Conversion from CZI to OME TIFF #301

Closed MosGeo closed 1 year ago

MosGeo commented 3 years ago

System and Software

Description

This is my first time trying to save files using aicsimageio and dealing with ome.tiff. I am still getting my head around it. So maybe I am missing something.

When running

from aicsimageio import AICSImage
filename = "./my_czi_file.czi"
img  = AICSImage(filename, reconstruct_mosaic=False)
img.save("my_tiff_file.ome.tiff")

the following error is recieved

  File "C:\Users\Mustafa\Desktop\CZIConvert\main.py", line 6, in <module>
    img.save("my_file.ome.tiff")
  File "C:\Users\Mustafa\Desktop\CZIConvert\.venv\lib\site-packages\aicsimageio\aics_image.py", line 797, in save
    OmeTiffWriter.save(
  File "C:\Users\Mustafa\Desktop\CZIConvert\.venv\lib\site-packages\aicsimageio\writers\ome_tiff_writer.py", line 214, in save
    ome_xml = OmeTiffWriter.build_ome(
  File "C:\Users\Mustafa\Desktop\CZIConvert\.venv\lib\site-packages\aicsimageio\writers\ome_tiff_writer.py", line 590, in build_ome
    ome_dimension_order, is_rgb = OmeTiffWriter._resolve_OME_dimension_order(
  File "C:\Users\Mustafa\Desktop\CZIConvert\.venv\lib\site-packages\aicsimageio\writers\ome_tiff_writer.py", line 328, in _resolve_OME_dimension_order
    raise ValueError(
ValueError: Data array has unexpected number of dimensions: is_rgb = True and shape is (1102, 1, 7, 1, 1200, 1600, 3)

Note that the image is: 1) tiled, 2) multi-cannel, 3) RGB. It is also pyramidal but as I understand it, aicsimageio will just take the 0 level for now.

Expected Behavior

ome.tiff is saved.

Reproduction

See description

Environment

Clean virtual environment with only aicsimageio installed.

evamaxfield commented 3 years ago

We currently do not support saving OME-TIFF with tiles, just the whole reconstructed YX planes.

The OME model itself only "recently" adopted Tiles (and other dims) as supported so it's just a "tooling needs to catch up" problem (See their docs on tiling metadata: https://docs.openmicroscopy.org/ome-files-cpp/0.5.0/ome-model/manual/html/developers/6d-7d-and-8d-storage.html).

I see that you have 1102 tiles of 1200 x 1600 YX which is massive so I can understand why you wouldn't reconstruct_mosaic=True (#274) so for now it seems we may not have a solution for you.... That said.
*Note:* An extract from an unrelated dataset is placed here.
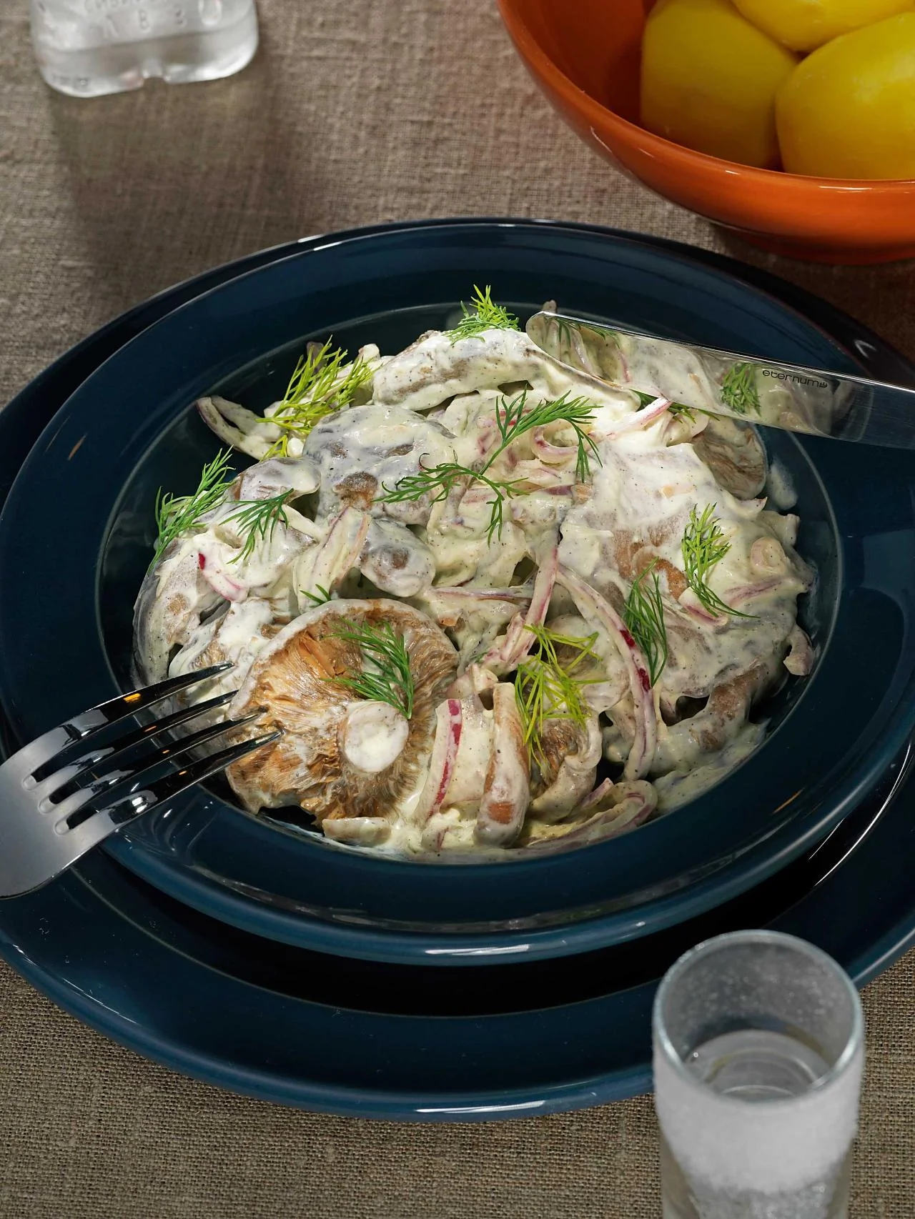 ШАГ 3 Оборвать со стеблей листья укропа. Слить уксус из маринованного лука. Перемешать грибы, сметанно-горчичный соус и маринованный лук с укропом.

I think under the hood our current implementation of OmeTiffWriter would segfault with this code because it tries to pull in the whole data block at once (#214).

Basically, a lot going on here, all of it is known, but we don't have a solution for yet.

MosGeo commented 3 years ago

Thanks for the info @JacksonMaxfield. Yes, we are dealing with very large datasets. This example actually a small file. I am thinking of converting files to a more open format ome.tiff or even ome.zarr that will simplify their viewing and analysis by different tools in the future (including napari).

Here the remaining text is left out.